DIRECTIONS FOR THIS TASK ▸ Your task is to repeat exactly the lines below between the line holding "È possibile specificare" and the line holding "最后,会弹出一条消息,询问您是否要允许 Google Assistant", inclusive, and only those.

MATERIAL SUPPLIED ▸
####

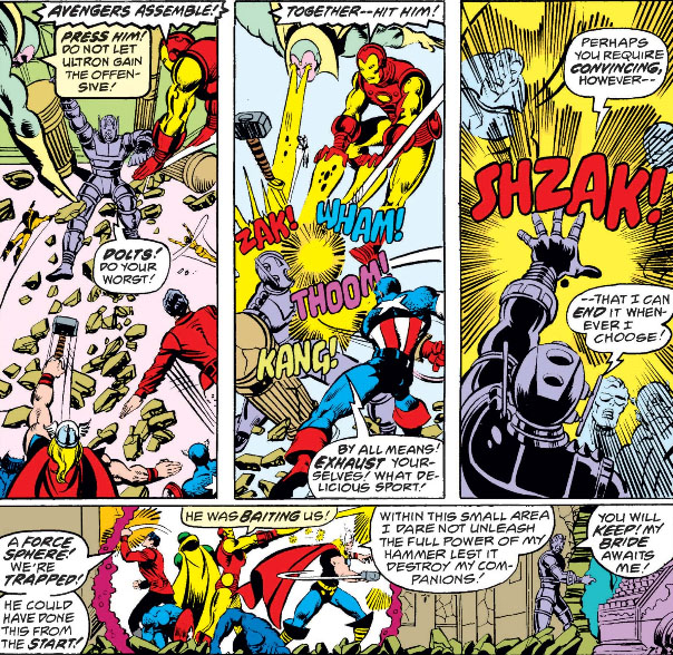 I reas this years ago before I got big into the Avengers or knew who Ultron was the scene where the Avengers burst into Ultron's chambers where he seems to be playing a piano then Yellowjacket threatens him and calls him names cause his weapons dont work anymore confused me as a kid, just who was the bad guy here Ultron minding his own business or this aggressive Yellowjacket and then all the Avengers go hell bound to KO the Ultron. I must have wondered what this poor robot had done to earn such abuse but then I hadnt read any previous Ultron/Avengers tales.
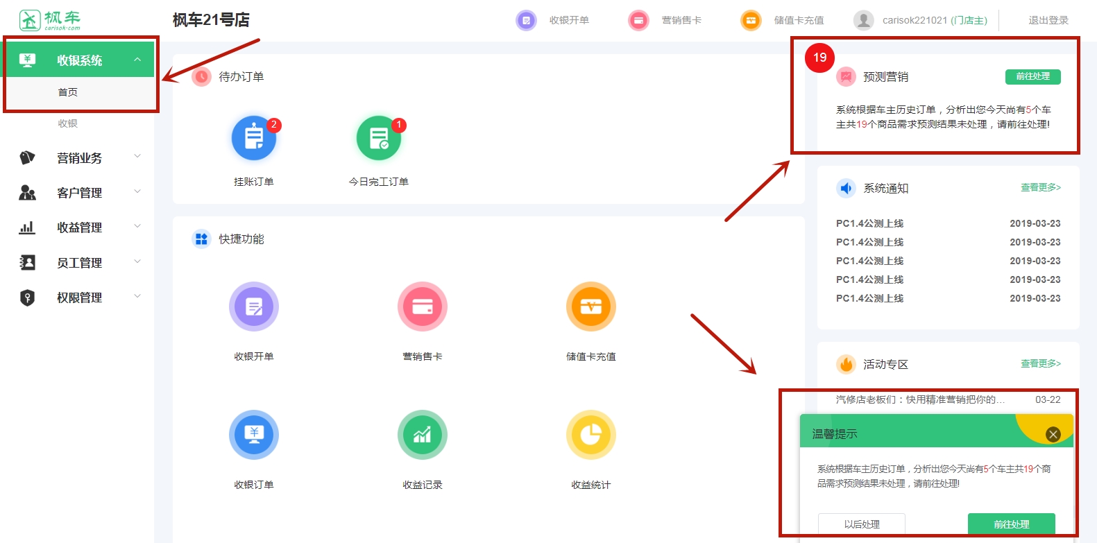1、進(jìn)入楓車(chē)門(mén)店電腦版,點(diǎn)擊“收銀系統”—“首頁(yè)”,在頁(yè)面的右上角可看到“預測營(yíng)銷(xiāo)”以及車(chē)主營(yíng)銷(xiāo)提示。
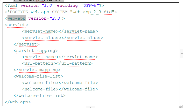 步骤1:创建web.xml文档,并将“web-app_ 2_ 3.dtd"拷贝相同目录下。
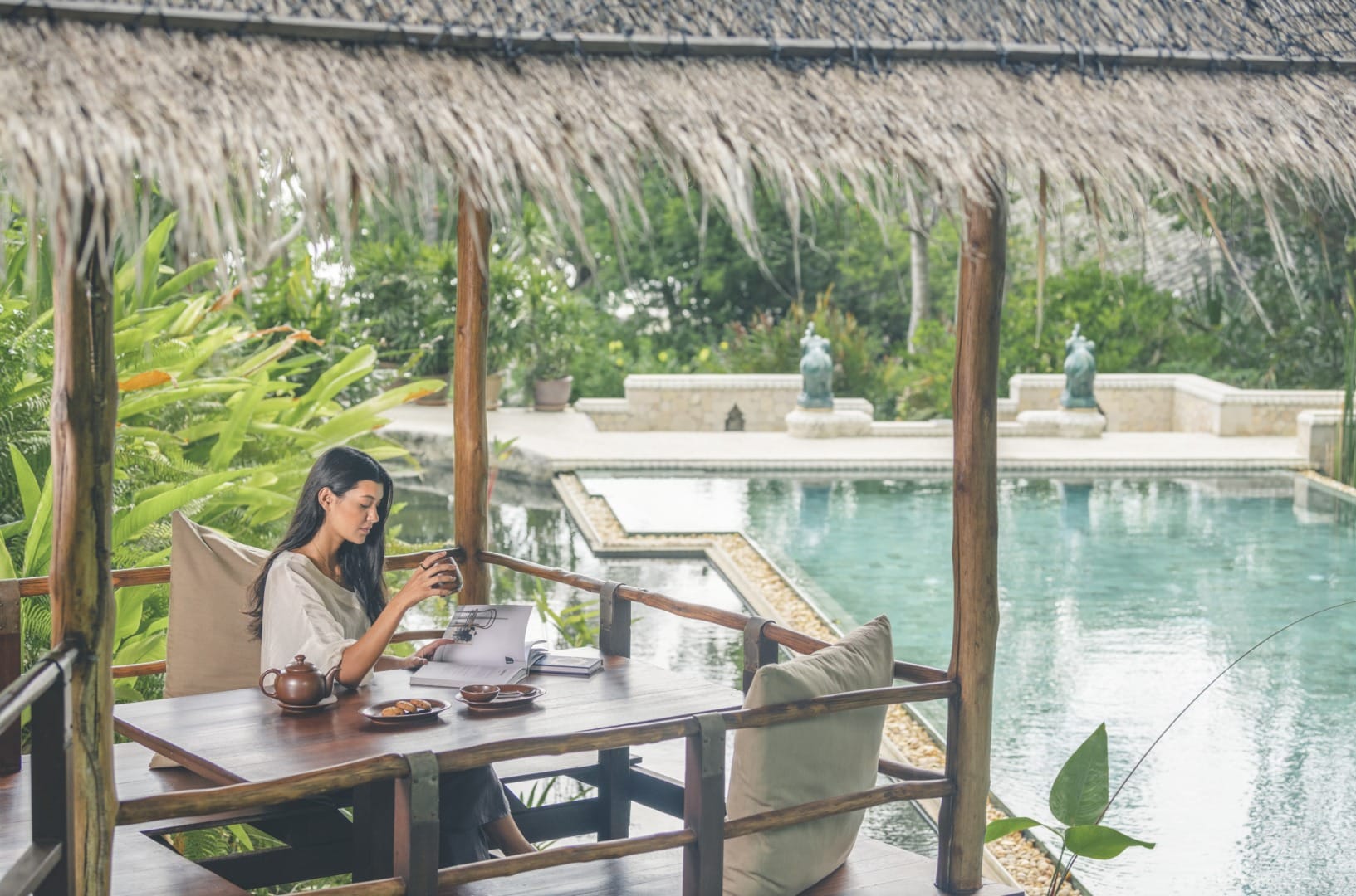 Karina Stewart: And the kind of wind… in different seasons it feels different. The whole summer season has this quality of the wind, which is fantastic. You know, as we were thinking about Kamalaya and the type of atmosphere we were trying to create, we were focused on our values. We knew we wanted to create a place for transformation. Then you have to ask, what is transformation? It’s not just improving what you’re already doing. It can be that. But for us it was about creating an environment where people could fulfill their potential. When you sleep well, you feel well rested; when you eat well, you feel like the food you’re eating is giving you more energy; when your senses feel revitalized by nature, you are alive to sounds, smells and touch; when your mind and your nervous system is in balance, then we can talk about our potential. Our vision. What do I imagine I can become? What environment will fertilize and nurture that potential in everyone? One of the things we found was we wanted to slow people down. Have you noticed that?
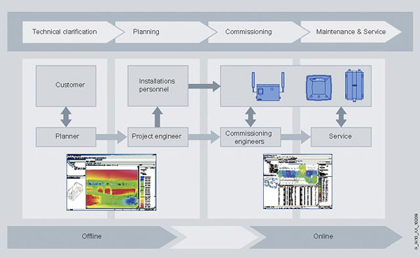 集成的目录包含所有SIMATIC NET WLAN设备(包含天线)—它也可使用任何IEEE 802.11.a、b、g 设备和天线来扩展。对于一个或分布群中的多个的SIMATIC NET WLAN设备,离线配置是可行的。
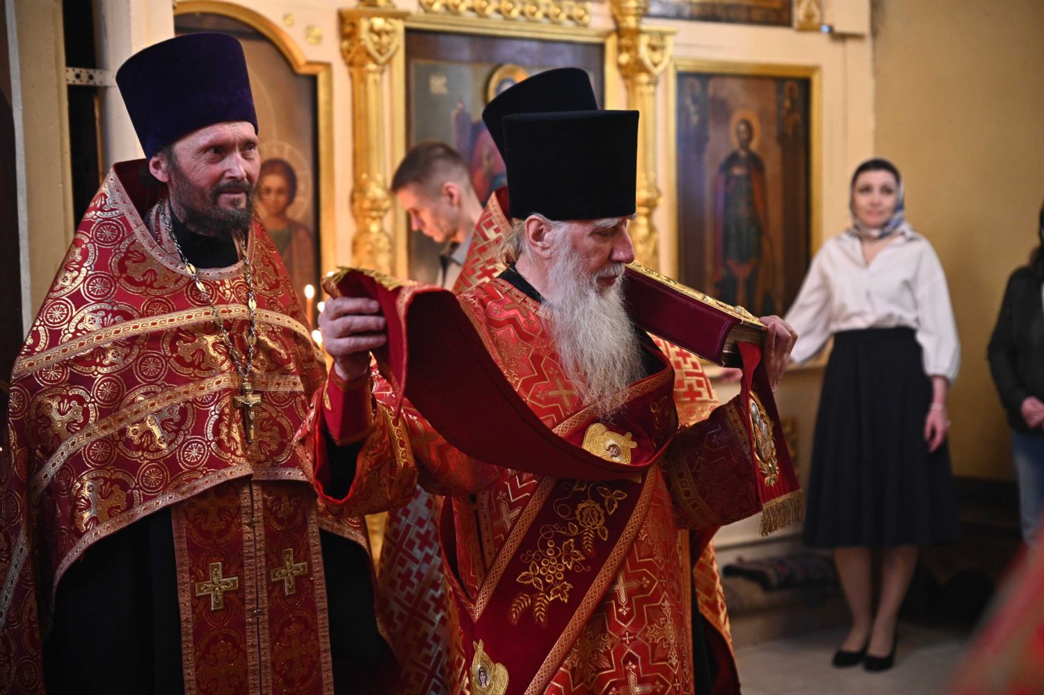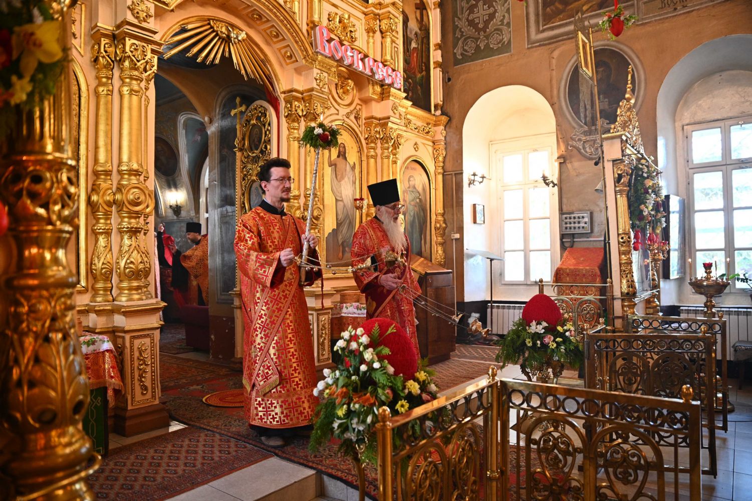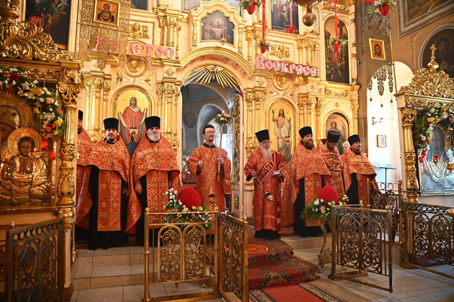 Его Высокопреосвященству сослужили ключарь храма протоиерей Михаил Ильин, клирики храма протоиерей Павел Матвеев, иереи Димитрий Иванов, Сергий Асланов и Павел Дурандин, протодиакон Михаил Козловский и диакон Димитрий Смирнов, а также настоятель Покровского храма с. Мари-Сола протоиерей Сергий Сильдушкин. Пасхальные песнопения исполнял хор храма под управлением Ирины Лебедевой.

####

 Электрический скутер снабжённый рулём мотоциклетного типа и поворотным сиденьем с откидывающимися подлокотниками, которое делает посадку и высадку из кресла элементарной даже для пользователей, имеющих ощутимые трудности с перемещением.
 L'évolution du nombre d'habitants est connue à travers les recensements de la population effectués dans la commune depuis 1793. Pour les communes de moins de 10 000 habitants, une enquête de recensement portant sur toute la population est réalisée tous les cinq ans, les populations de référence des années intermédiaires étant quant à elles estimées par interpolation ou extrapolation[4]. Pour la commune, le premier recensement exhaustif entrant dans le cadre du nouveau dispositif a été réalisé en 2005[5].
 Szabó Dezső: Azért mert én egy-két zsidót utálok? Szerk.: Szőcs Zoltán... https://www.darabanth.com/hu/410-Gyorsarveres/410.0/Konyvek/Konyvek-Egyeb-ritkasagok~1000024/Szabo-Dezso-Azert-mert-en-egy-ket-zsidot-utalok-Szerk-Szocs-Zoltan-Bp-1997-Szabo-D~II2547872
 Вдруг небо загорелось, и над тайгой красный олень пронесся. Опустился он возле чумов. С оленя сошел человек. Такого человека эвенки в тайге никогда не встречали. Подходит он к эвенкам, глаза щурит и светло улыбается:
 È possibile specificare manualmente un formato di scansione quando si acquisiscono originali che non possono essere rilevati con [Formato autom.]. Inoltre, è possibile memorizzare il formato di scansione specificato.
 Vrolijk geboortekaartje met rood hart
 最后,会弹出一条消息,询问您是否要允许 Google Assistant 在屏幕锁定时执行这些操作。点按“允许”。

####

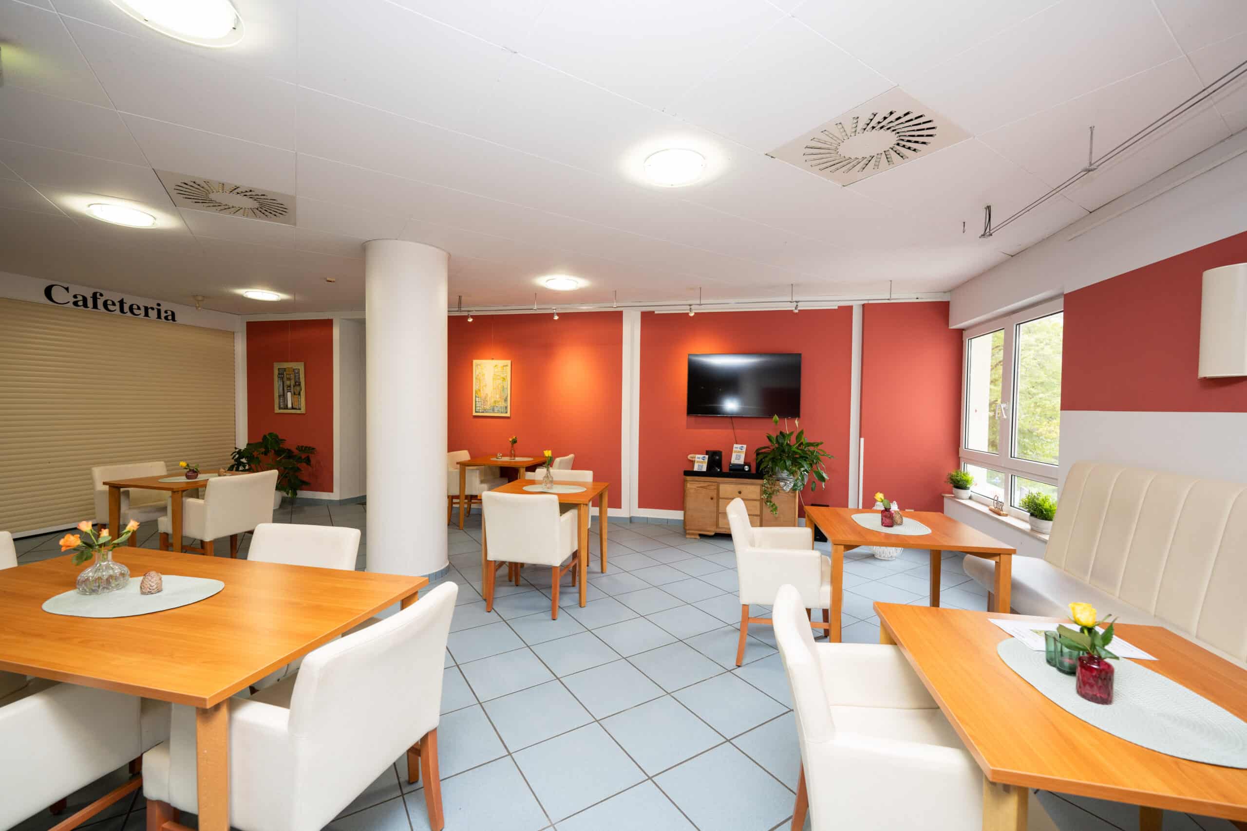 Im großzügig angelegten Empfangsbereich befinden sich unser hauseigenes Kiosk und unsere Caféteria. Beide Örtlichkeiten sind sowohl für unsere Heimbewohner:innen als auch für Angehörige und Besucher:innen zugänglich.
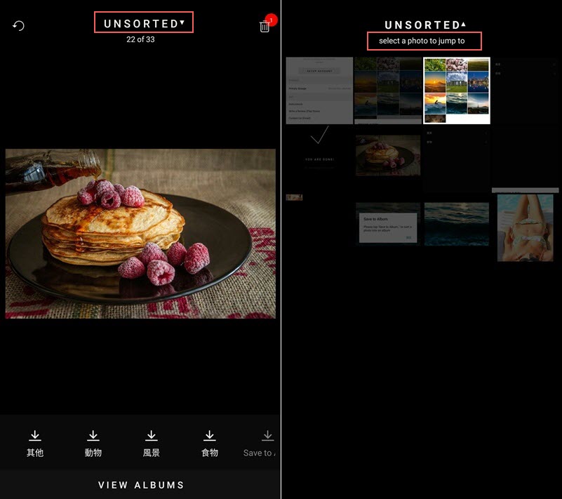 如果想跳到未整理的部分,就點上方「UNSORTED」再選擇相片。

####

EXPECTED ANSWER ▸
 È possibile specificare manualmente un formato di scansione quando si acquisiscono originali che non possono essere rilevati con [Formato autom.]. Inoltre, è possibile memorizzare il formato di scansione specificato.
 Vrolijk geboortekaartje met rood hart
 最后,会弹出一条消息,询问您是否要允许 Google Assistant 在屏幕锁定时执行这些操作。点按“允许”。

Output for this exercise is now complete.